There is a limited number of J-TAG debuggers, and I do not know whether this phenomenon can be reproduced in an operating environment with a debugger connected, so for the time being I will try to incorporate debug code to check the state of the interrupt mask register when the phenomenon occurs.

richard-damon · January 16, 2025, 2:37pm

I am not familiar with the R5 processor, but often the “Interrupt Controller” isn’t actually part of the “CPU” but a module attached to it, and that has a number of registers that control each of the interrupts going into it. Unless you read back those registers to confirm that no “wild write” hasn’t change it, you don’t know that it hasn’t changed.

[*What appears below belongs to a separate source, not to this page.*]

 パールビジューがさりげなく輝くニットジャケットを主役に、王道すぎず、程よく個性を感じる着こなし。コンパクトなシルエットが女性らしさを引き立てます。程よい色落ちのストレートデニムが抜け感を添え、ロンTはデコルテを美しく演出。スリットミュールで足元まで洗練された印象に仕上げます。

shinya · January 17, 2025, 1:11am

Thank you for your reply, richard-damon.

“Wild write” means “unintentional write”, doesn’t it?
I’ve got it. As you has suggested, I will confirm the registers that control interrupts when the phenomenon occurs.

richard-damon · January 17, 2025, 3:00am

A “wild write” is a write through a pointer that points to the wrong address, or to an array with a bad index. Its harder to have a write that you didn’t intend to occur, but not hard to end up writing where you didn’t intend if pointers/indexes get messed up.

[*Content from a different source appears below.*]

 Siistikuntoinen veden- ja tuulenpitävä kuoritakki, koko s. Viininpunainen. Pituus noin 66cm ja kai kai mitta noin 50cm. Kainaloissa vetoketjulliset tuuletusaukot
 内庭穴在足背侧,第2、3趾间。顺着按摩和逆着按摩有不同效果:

shinya · January 17, 2025, 4:34am

Thank you for your reply, richard-damon.
I’ve got it.

shinya · January 20, 2025, 3:12am

Referring to the AMD Xilinx Zynq UltraScale+ MPSoC TRM, Register Map, and ARM’s interrupt controller Manual, I added debug code to check whether the settings of the following registers, which seem to be related to the phenomenon, were different before and after the phenomenon occurred, and then performed a continuous operation test.

Interrupt Set-Enable Registers
Interrupt Priority Registers
Interrupt Priority Mask Registers
Interrupt Configuration Registers
Interrupt Set-Pending Registers

As a result, although the phenomenon itself occurred, there was no change in the register settings before and after the phenomenon.
Since I changed the source of the tick interrupt back to TTC (Triple Timer Counter), I also checked the TTC registers, but found no particular problems.

If there is anything else I should check, please let me know.

aggarg · January 20, 2025, 7:56am

That is strange as the ISR is not executing even when the interrupt is not masked. As it seems specific to the hardware, can you also reach out to Xilinx and ask them?

shinya · January 21, 2025, 7:11am

Thank you for your reply, aggarg.
I checked the AMD Xilinx support page to see if a similar problem had been reported, but I couldn’t find anything. I’m going to ask about this issue on the support page by myself.

shinya · January 29, 2025, 2:28am

@aggarg @richard-damon @kstribrn
I found that there was a problem with the interrupt controller settings when booting FreeRTOS.
Because two RPUs were started at roughly the same time, access to the interrupt controller was competing, resulting in an unintended setting.
By referring to this, I reviewed the interrupt controller settings themselves and added exclusive control to prevent access competition, and the problem no longer occurred.
Thank you for your advice. It was very helpful.

aggarg · January 29, 2025, 2:54am

Thank you for sharing your solution!